Project

General

Profile

Task #1170

mdlib reorganization

Added by David van der Spoel about 6 years ago. Updated over 2 years ago.

Status:
New
Priority:
Normal
Assignee:
-
Category:
-
Target version:
Difficulty:
uncategorized
Close

Description

Following discussions on the organization of code in Stockholm on 2013/02/27 here a (not-so short) resume by Mark.

1. We plan to work hard on reducing header file dependencies. They're everywhere right now and the cost will explode in C++ if we don't fix it and keep it fixed. The good news is that our existing practice of using opaque pointers is still one of the good solutions in C++ (known by various names, including Handle-Body and the Pimpl idiom). An alternative is declaring an abstract class with the virtual functions of the desired interface and deriving implementation classes to contain the guts. Either way, client code only has to include a light header file and recompile only when the API changes. I've been doing a bunch of reading and should be able to come up with guidelines for when to use which approach. I've added my thoughts for how to fix t_forcerec below.

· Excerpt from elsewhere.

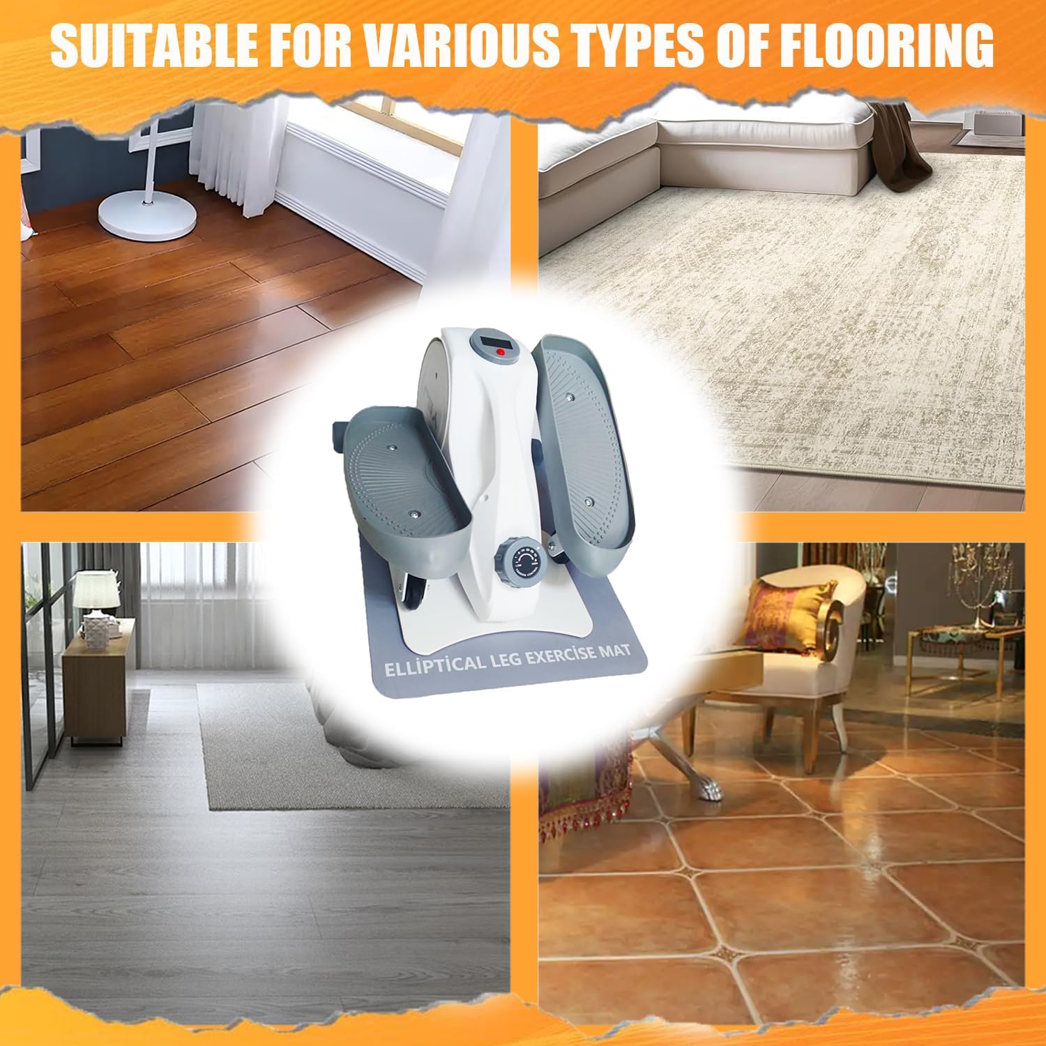 【Universal Floor Protection】This non-slip ellipse leg exerciser pad is made from high-quality materials, safeguarding your floors from damage, preventing unsightly scratches and keeping your exercise area looking pristine. Universal use on various surfaces, including wood, stone, tile, and concrete, our 3.0 mm thick workout mat acts as a reliable barrier

2. We'd like to have a way for mdrun to read its inputs and construct some kind of settings object (e.g. with a container of strings to query for settings) that can then get queried as we do construction of actual objects. It follows that the inner loop will not know about the settings object (else for every test we'll have to make a mock of that settings object...). This means that code for the inner loop only has to pass around values that change over the course of the simulation, not every little flag setting.

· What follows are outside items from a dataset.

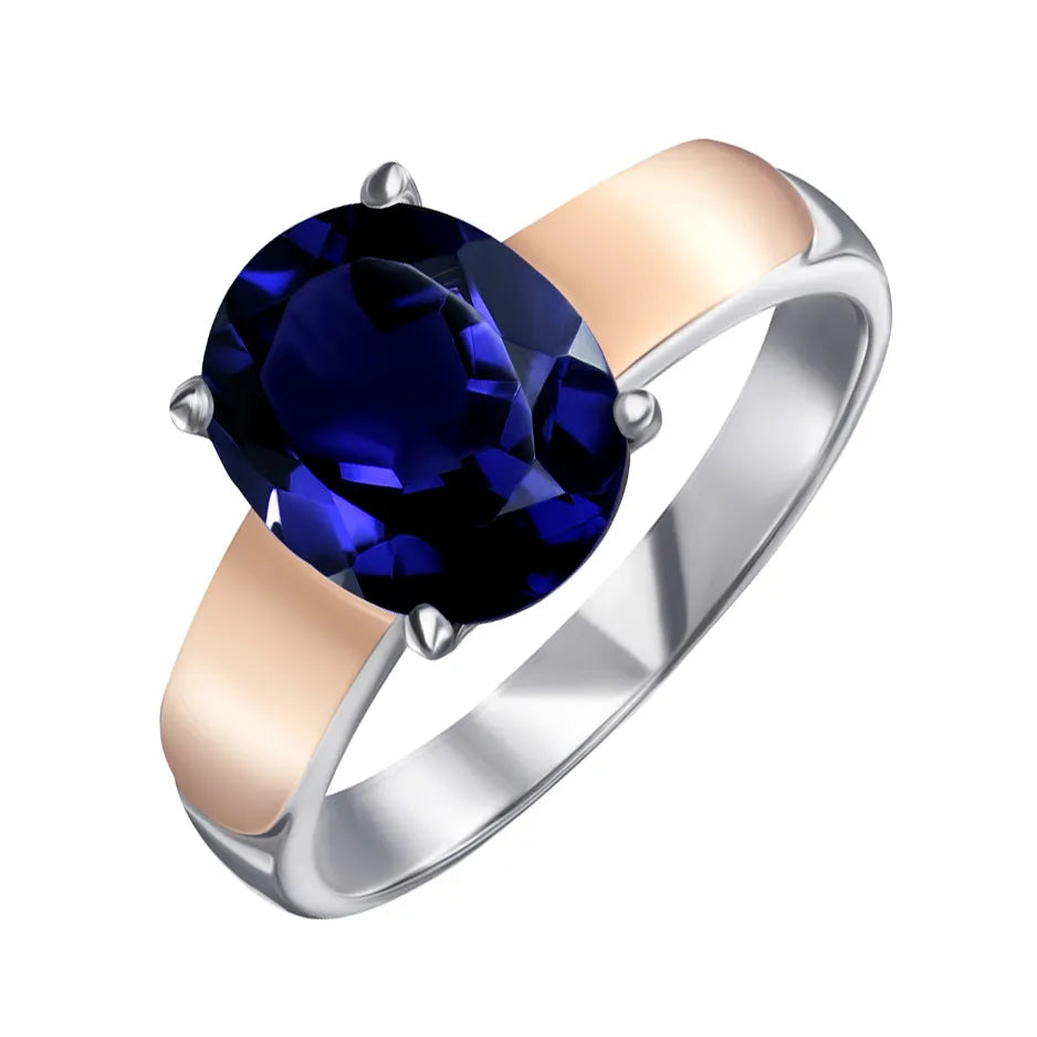 AGNI silver ring with gold overlays and sapphire 1267/1р-HSPH
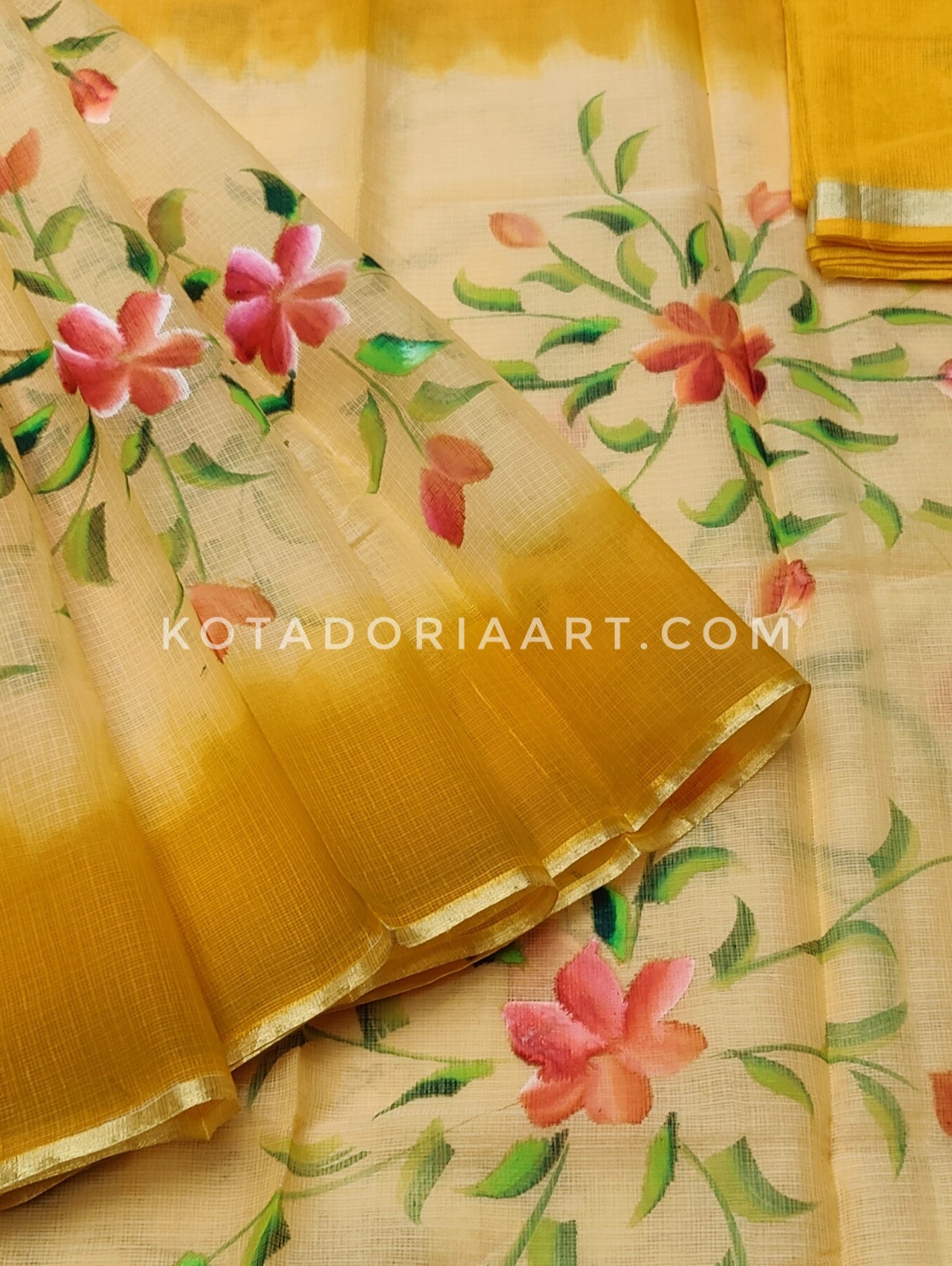 Badge Cotton Kota Doria Hand Painted Saree With Contrast Blouse
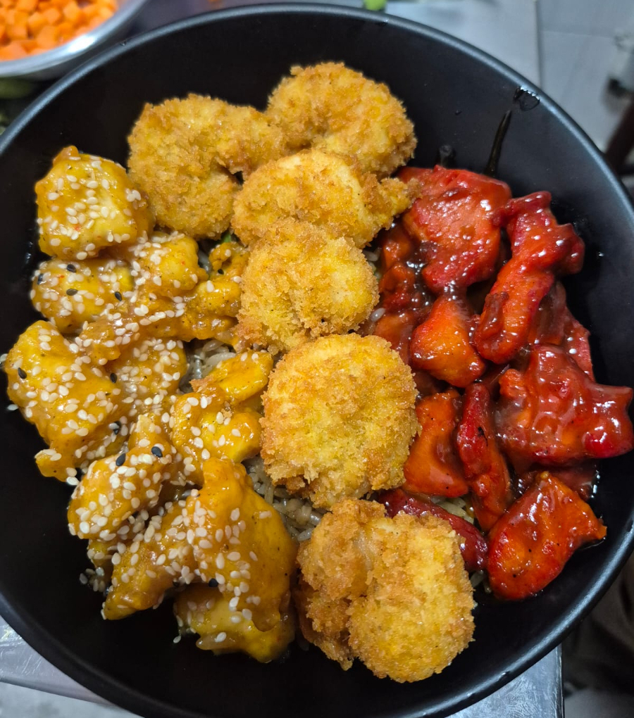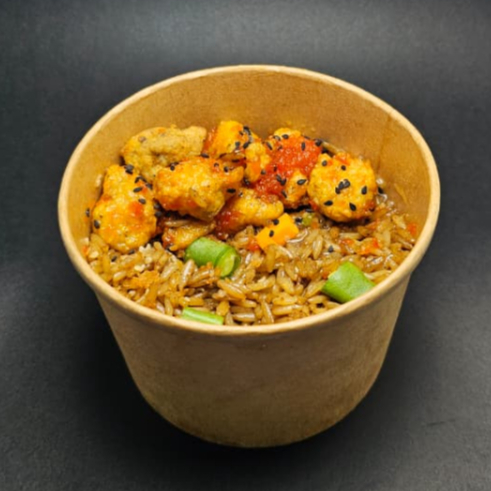 Delicioso pollo apanado envuelto de salsa de la casa de pimentón y ajonjolí negro y arroz fusión al wok 300 g.

3. We discussed that it might be nice if we didn't have to require that people use grompp. David cited a case of making your .tpr and waiting 3 days for mdrun to start on the cluster, before you find out that the settings are invalid. That's not a problem that is solved by moving the grompp functionality inside mdrun - you still have to wait for mdrun to start! Some aspects of such invalidity depend on how mdrun was compiled, and grompp can't know that. For example in 4.6, GPUs require Verlet which doesn't work with implicit solvent. If the queue system doesn't let you jump the queue to do a quick small-scale test of your settings, then the sysadmins need to be reminded of the real-world needs of users :-). Was there another reason why we wanted mdrun to incorporate grompp functionality?

4. Other grompp issues:
  • We don't want to remove grompp entirely - being able to package a portable, reusable run input file is rather useful, particularly for bug reports.
  • We do want to reduce the code footprint of constructing and serializing the pre-processed run input file. Teemu has already done some work in this area, which we'd likely do well to take seriously ;-)
  • Some of the command line options for grompp should probably be moved into the input file (e.g. filename for position restraints reference?). Mark thinks this is essential if we want mdrun to be able to accept grompp-style inputs.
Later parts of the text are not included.